This position is exclusively open to candidates based in Latin America.
About the Company:
The firm was formed in 2016, born out of a vision and desire to innovate the private equity industry and to capitalize on the significant financial technology opportunity. We are a specialist investment firm that invests in software, information & investment services companies providing mission-critical products and services across five core sub-sectors: Banking & Payments, Capital Markets, Data & Analytics, Insurance, and Investment Management. We seek growth equity and buyout opportunities in North America and Europe. We are a sector-specialist private equity firm with expertise, connectivity, and capabilities to create long-term value in financial technology businesses. By applying extensive Investing, Operating, and Innovating capabilities we seek to enable management teams to accelerate growth, achieve operational excellence, and innovate in a dynamic sector. Our integrated approach combines Investors (Capital and Ventures), Operators (Industry Partners) and Innovators (Create). Each of these divisions works in partnership across the workflow of the business: originating deals, performing diligence, underwriting the deals, executing the value creation plans, and ultimately exiting the deals.
We leverage our proprietary expertise in financial technology to identify, unlock, and accelerate value for our portfolio companies and partners. We believe deeply in the power of technology to transform businesses and industries. Utilizing our broad market connectivity and market-leading technology capabilities we aim to be at the forefront of innovation as it emerges, delivering new capabilities into the hands of our portfolio and partners. Our innovation and value creation engine is structured across three disciplines:Portfolio Services – Experts in executing due diligence, value creation planning, and portfolio value creation execution.Propositions – Driving innovation for our portfolio and partners. Product – Building new technology assets and platforms that underpin our value creation and innovation activities.
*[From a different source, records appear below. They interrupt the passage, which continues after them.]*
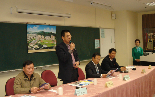 访问团与台北市立体育学院校长陈坤柠(左三)、副校长郑芳梵(左一)等会谈,吴季怀副校长介绍beat365唯一官网办学情况。
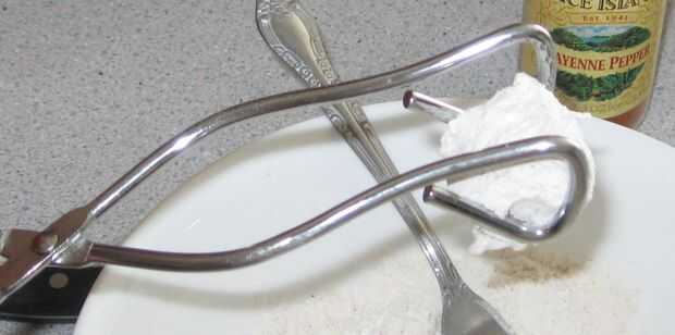1. con la pinza, agarra ligeramente una de las piezas de queso rebozado.
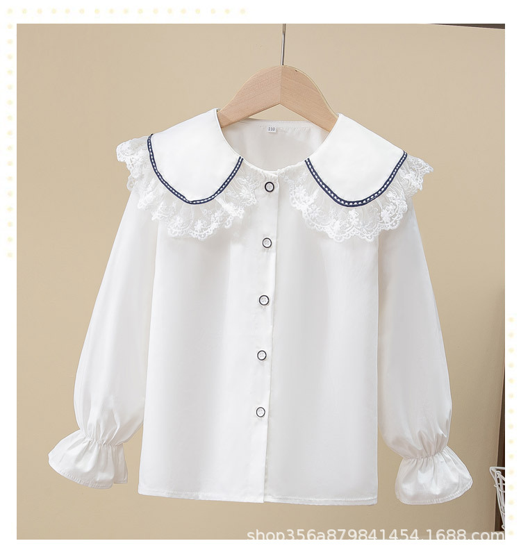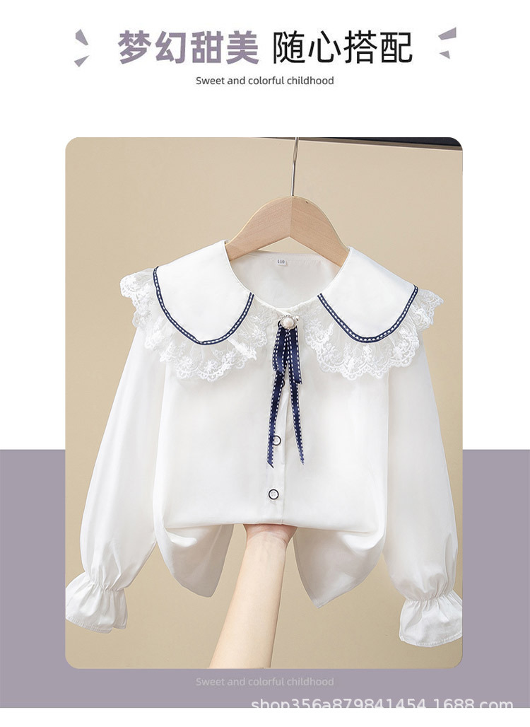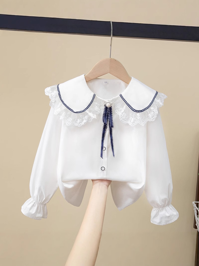 여아용 다재다능하고 귀여운 레이스 중대형 아동용 긴팔 어린이 공주 인형 칼라 캠퍼스 긴팔 셔츠 쉬폰

About the Role:We are seeking a Machine Learning Engineer with full-stack development capabilities to lead the creation of our Financial Advisor Co-pilot. This role is at the forefront of our AI-driven solutions, crafting the predictive models that will underpin the next generation of wealth management products. The ideal candidate is not only an expert in machine learning but also possesses a robust set of full-stack development skills to build and deploy scalable applications.
Responsabilities
- Lead the end-to-end development and deployment of predictive models for wealth management solutions, from database to user interface.
- Design, build, and implement AI Co-Pilots, specifically tailored for the Wealth and Asset Management industry.
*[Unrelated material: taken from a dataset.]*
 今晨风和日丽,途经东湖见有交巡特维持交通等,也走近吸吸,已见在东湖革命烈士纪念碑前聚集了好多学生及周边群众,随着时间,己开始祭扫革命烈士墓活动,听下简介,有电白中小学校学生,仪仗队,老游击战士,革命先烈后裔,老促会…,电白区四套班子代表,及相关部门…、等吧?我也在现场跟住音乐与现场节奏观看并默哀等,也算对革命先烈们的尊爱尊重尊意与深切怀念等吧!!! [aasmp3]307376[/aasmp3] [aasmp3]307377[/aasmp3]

- Partner with the Director of Artificial Intelligence to conceptualize and execute a comprehensive strategy for integrating AI across business units.
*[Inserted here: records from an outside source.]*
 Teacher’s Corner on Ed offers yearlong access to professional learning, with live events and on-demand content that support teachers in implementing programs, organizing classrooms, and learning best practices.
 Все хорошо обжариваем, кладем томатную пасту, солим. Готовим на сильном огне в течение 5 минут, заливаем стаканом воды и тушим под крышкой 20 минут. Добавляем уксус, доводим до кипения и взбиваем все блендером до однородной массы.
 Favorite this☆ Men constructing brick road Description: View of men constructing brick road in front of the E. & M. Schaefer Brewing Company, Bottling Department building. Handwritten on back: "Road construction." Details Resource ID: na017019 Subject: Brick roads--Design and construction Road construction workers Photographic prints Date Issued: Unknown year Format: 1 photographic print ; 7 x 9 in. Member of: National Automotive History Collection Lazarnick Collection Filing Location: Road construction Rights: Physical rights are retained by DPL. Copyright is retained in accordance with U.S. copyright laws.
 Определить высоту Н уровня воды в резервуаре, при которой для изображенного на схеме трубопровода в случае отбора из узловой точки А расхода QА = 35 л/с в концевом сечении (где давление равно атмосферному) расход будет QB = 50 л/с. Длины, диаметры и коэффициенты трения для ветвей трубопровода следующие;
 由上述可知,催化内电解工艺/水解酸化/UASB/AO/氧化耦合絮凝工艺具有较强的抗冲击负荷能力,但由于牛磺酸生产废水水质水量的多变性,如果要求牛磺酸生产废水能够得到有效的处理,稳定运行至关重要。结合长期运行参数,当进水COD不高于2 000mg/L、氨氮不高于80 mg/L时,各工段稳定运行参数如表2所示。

- Rapidly prototype new algorithms and models, and transition from prototype to production environment, ensuring scalability and robustness
- Develop full-stack solutions, including database schema design, back-end logic, and front-end presentation.
- Measure and optimize the performance of both machine learning models and the full-stack applications, ensuring they align with business objectives.
- Collaborate with cross-functional teams to ensure that AI solutions enhance user experience and add significant business value.
- Act as a technical leader within the team, providing guidance and mentorship to other engineers.
Qualifications
- Minimum of 4+ years of experience in machine learning and full-stack development.
- Demonstrated experience building and deploying machine learning models, as well as constructing and maintaining full-stack applications.
- Proven track record of building and deploying machine learning models in a business context.
- Proficient in utilizing a range of machine learning libraries and frameworks (such as TensorFlow, PyTorch, Scikit-learn, Keras, etc.) to build, train, and deploy models efficiently.
- Proficiency with the LangChain framework, including experience in building applications with complex LLM integrations, using retrieval-augmented generation for contextual search, and adeptness in prompt engineering for effective human-AI interaction
- Strong engineering skills, including proficiency in Python.
- Familiarity with cloud platforms (AWS, GCP, Azure) and understanding of containerization and orchestration tools (Docker, Kubernetes).
- Ability to rapidly prototype and innovate, while maintaining a focus on scalable solutions.
- Strong problem-solving skills and the ability to learn on the job, staying ahead of the latest industry trends.
- Self-starter, capable of learning on the job and adapting to new challenges.